# Data provided:
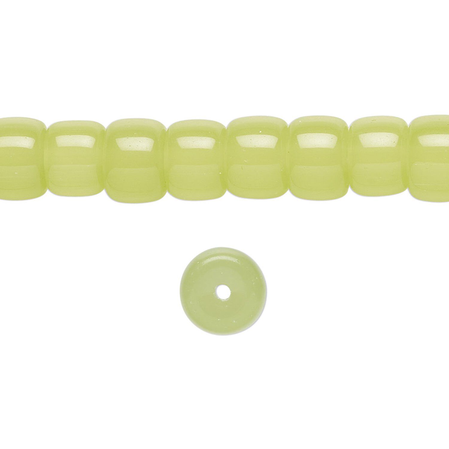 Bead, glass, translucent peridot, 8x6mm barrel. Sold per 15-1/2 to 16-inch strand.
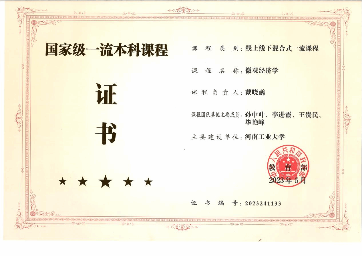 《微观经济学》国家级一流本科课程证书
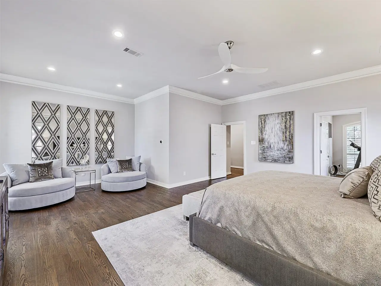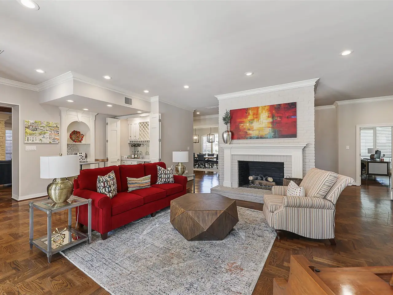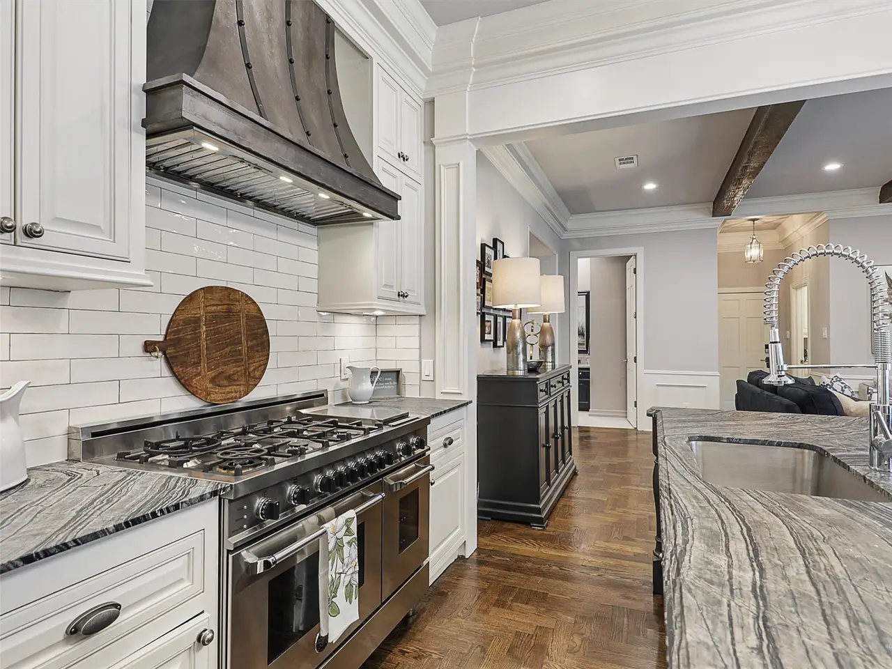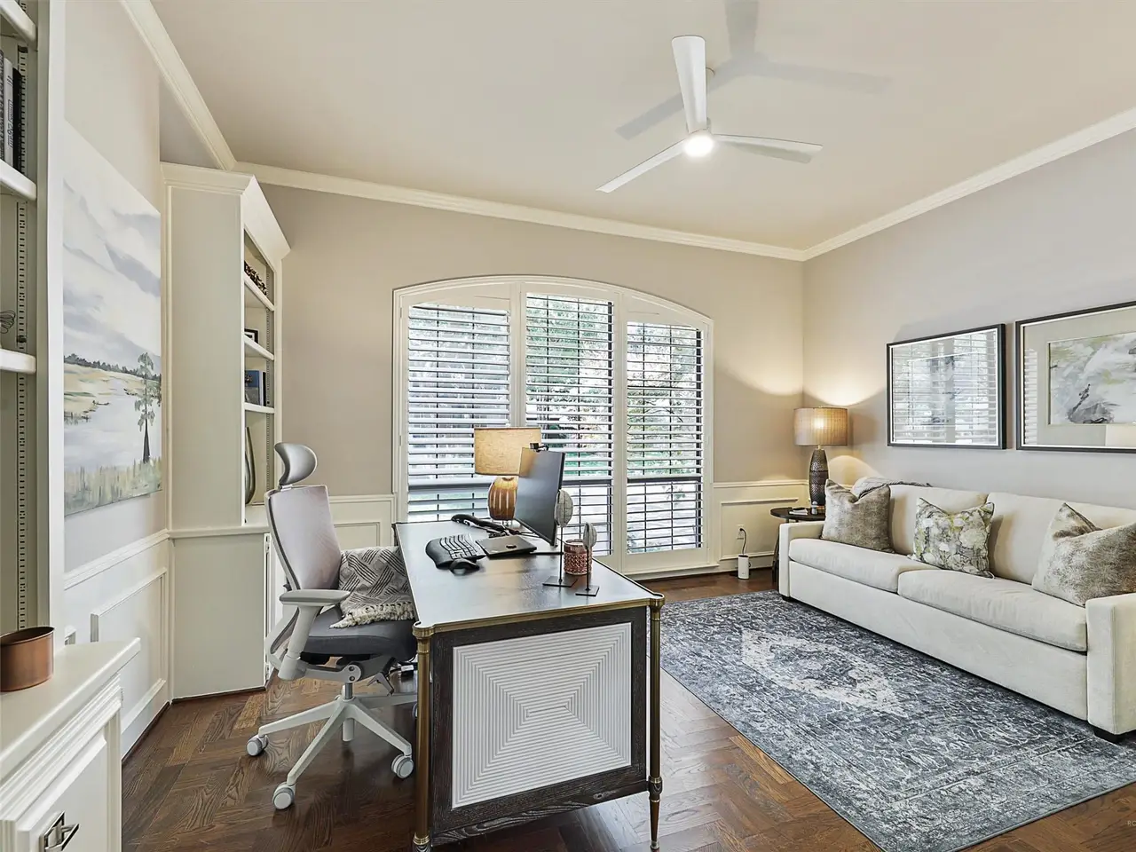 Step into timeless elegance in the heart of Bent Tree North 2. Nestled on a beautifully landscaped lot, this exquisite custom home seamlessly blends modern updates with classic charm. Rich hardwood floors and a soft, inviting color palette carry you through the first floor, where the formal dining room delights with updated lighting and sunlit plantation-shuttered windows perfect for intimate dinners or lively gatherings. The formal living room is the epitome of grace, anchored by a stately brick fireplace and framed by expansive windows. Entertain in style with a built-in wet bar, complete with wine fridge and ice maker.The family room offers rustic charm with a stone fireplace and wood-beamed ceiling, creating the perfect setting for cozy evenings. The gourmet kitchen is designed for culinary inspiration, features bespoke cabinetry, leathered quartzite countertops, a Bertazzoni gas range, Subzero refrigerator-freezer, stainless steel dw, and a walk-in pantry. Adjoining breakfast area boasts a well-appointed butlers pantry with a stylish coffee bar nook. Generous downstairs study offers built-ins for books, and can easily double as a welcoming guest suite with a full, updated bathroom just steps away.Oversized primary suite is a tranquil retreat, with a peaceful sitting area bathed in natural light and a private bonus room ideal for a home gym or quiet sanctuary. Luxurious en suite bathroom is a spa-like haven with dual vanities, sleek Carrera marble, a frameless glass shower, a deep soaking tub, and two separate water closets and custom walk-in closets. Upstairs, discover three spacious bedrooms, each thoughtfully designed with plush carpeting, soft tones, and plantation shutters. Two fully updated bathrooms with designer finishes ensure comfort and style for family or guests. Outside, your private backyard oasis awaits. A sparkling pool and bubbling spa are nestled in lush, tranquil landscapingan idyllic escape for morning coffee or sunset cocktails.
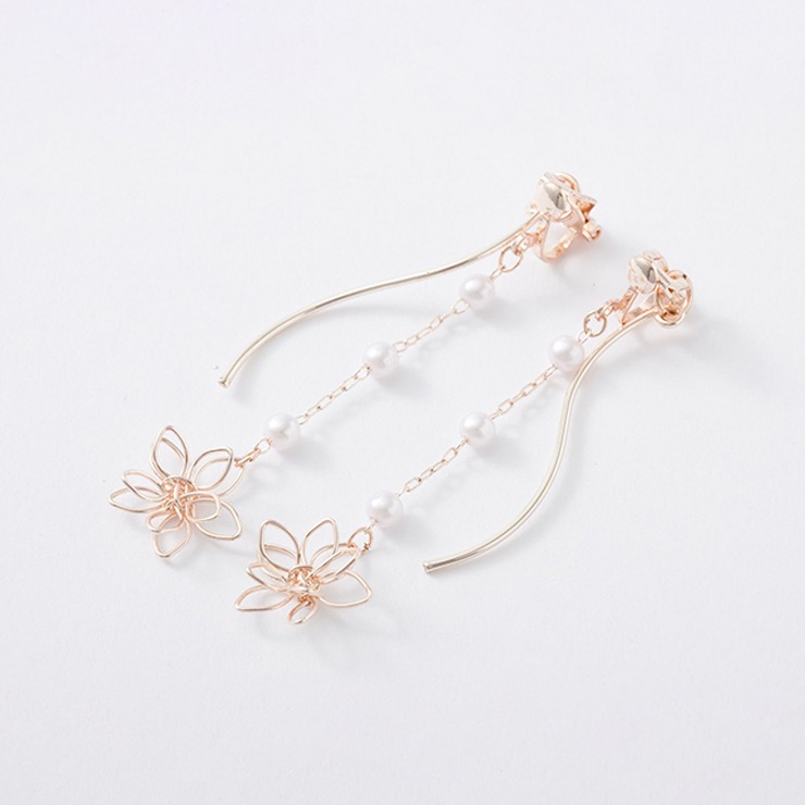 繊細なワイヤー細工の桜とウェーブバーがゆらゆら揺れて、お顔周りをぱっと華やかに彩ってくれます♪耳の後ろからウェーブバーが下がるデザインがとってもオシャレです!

# Requirement:
The expected result is the material restated word for word, minus any picture.

# Solution to this task:
 Bead, glass, translucent peridot, 8x6mm barrel. Sold per 15-1/2 to 16-inch strand.
 《微观经济学》国家级一流本科课程证书
 Step into timeless elegance in the heart of Bent Tree North 2. Nestled on a beautifully landscaped lot, this exquisite custom home seamlessly blends modern updates with classic charm. Rich hardwood floors and a soft, inviting color palette carry you through the first floor, where the formal dining room delights with updated lighting and sunlit plantation-shuttered windows perfect for intimate dinners or lively gatherings. The formal living room is the epitome of grace, anchored by a stately brick fireplace and framed by expansive windows. Entertain in style with a built-in wet bar, complete with wine fridge and ice maker.The family room offers rustic charm with a stone fireplace and wood-beamed ceiling, creating the perfect setting for cozy evenings. The gourmet kitchen is designed for culinary inspiration, features bespoke cabinetry, leathered quartzite countertops, a Bertazzoni gas range, Subzero refrigerator-freezer, stainless steel dw, and a walk-in pantry. Adjoining breakfast area boasts a well-appointed butlers pantry with a stylish coffee bar nook. Generous downstairs study offers built-ins for books, and can easily double as a welcoming guest suite with a full, updated bathroom just steps away.Oversized primary suite is a tranquil retreat, with a peaceful sitting area bathed in natural light and a private bonus room ideal for a home gym or quiet sanctuary. Luxurious en suite bathroom is a spa-like haven with dual vanities, sleek Carrera marble, a frameless glass shower, a deep soaking tub, and two separate water closets and custom walk-in closets. Upstairs, discover three spacious bedrooms, each thoughtfully designed with plush carpeting, soft tones, and plantation shutters. Two fully updated bathrooms with designer finishes ensure comfort and style for family or guests. Outside, your private backyard oasis awaits. A sparkling pool and bubbling spa are nestled in lush, tranquil landscapingan idyllic escape for morning coffee or sunset cocktails.
 繊細なワイヤー細工の桜とウェーブバーがゆらゆら揺れて、お顔周りをぱっと華やかに彩ってくれます♪耳の後ろからウェーブバーが下がるデザインがとってもオシャレです!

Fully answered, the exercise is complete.